Это был знаменитый табунщик, Герой Труда, бригадир, в литературе не раз описанный.
— Лапшу вот ребятам везу, — объяснил он, почему тащится на волах, а не гарцует на своем Абреке, не менее знаменитом, чем его хозяин.
— А мы ведь к тебе в табун едем.
— Слушай, — обратился он ко мне, — программки у тебя нет?

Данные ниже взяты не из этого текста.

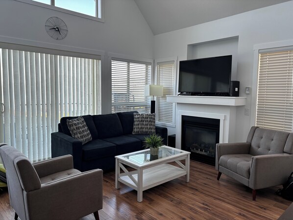 Entry (2 steps up) features an open kitchen, living, dining area with sofa bed, 2 queen bedrooms, and full bath.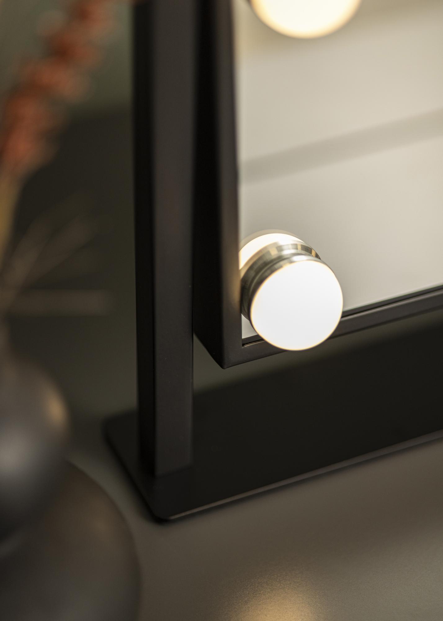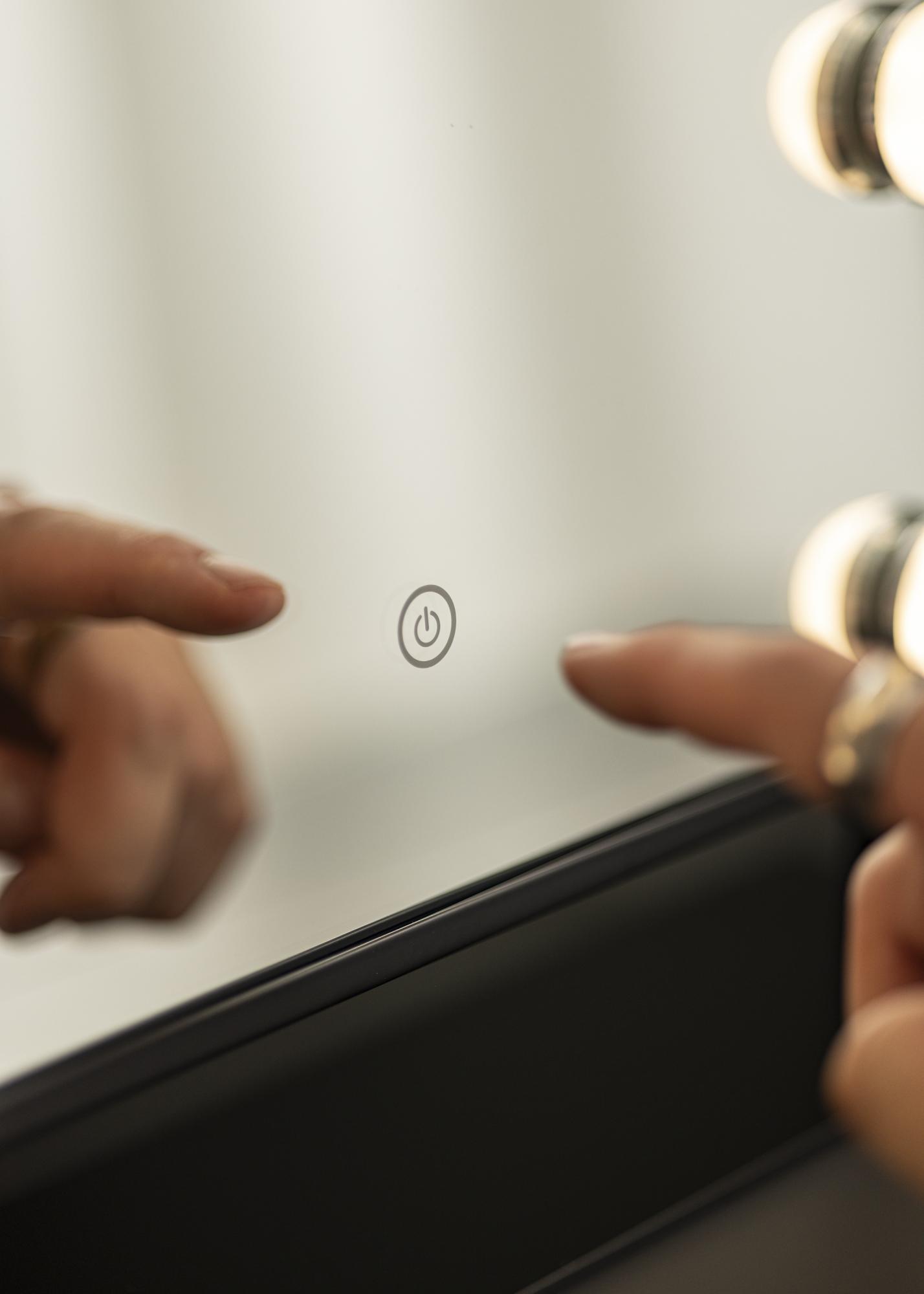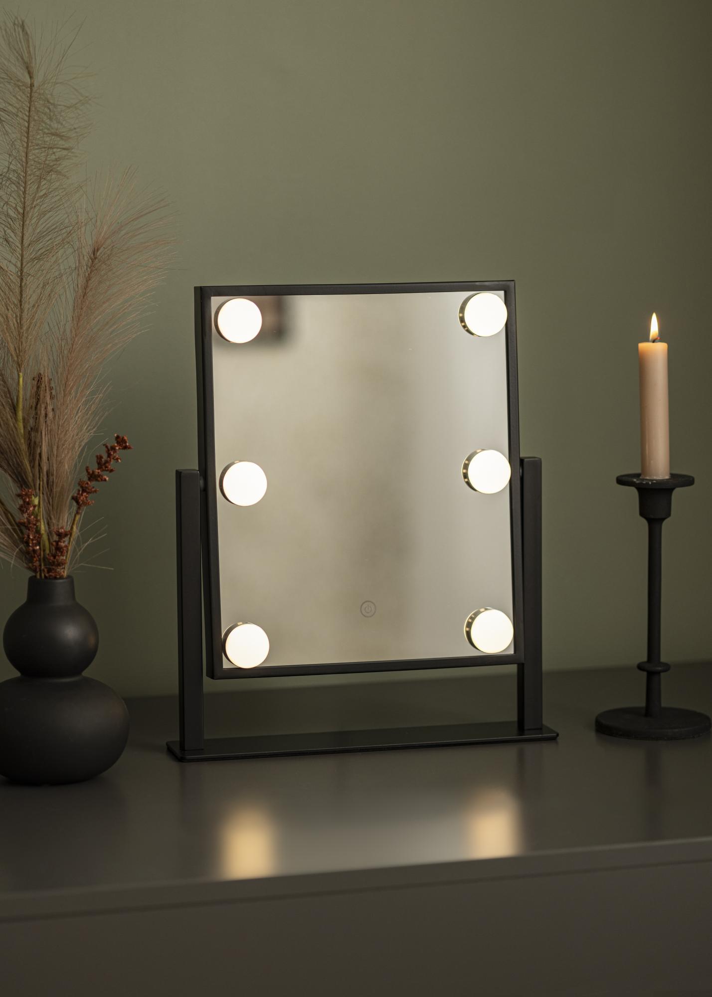 To je resnično luksuzno ogledalo za ličenje s šestimi dekorativnimi in zatemnljivimi LED žarnicami v trendovski črni barvi. Osvetlitev oddaja toplo belo svetlobo pri 3000K in se vklopi s pritiskom na gumb na dotik. Prilagodite jakost svetilk tako, da nekaj sekund držite gumb. LED je vir svetlobe, ki porabi manj energije, ima daljšo življenjsko dobo in nudi bolj naravno in enakomerno svetlobo. Ogledalo za ličenje je mogoče nagibati, tako da lahko svojo ličila nanesete natančneje. Poleg mnogih funkcij ima to ogledalo za ličenje pravi hollywoodski občutek in postane eleganten detajl v domu!

И опять сказался истинный конник. Ну, конечно, есть! Чем еще доставить удовольствие настоящему коннику, как не старой программой скачек, «отмеченной», то есть с указанием результатов, мест, резвости и со всякими прочими существенными пометами на полях. «Резво приняли», «Тупо ехал», «Просидел», «Хорошо вырвал», «Встал в обрез» — и этого достаточно, чтобы перед взором знатока встала сверкающая картина большого скакового дня. Копыта прозвучат у него в памяти, и шелест страниц, уже пожелтевших, донесет до него шум трибун. Такие программы, несколько штук, припасены были у меня еще с осени. Одну я отдал Шкурату: пусть себе составляет свои протоколы! И вот еще одна пригодилась, перейдя в достойные руки. Артемыч спрятал тоненькую брошюрку на груди, предвкушая разбор программы и разговор по охоте.
В табуне мы были к вечеру. Уже стемнело. Гор нельзя было видеть, но зато были звезды. Ослепительное небо нависло над нами. Вот где осознавалась высота! Шумела река, рядом вздыхал верблюд, положенный на ночь у табунщицкого домика со связанными коленками. Лошади, как и горы, были скрыты где-то во тьме.
— Ну-ну, — и Артемыч, засветив фонарь, уселся в домике за стол с программой.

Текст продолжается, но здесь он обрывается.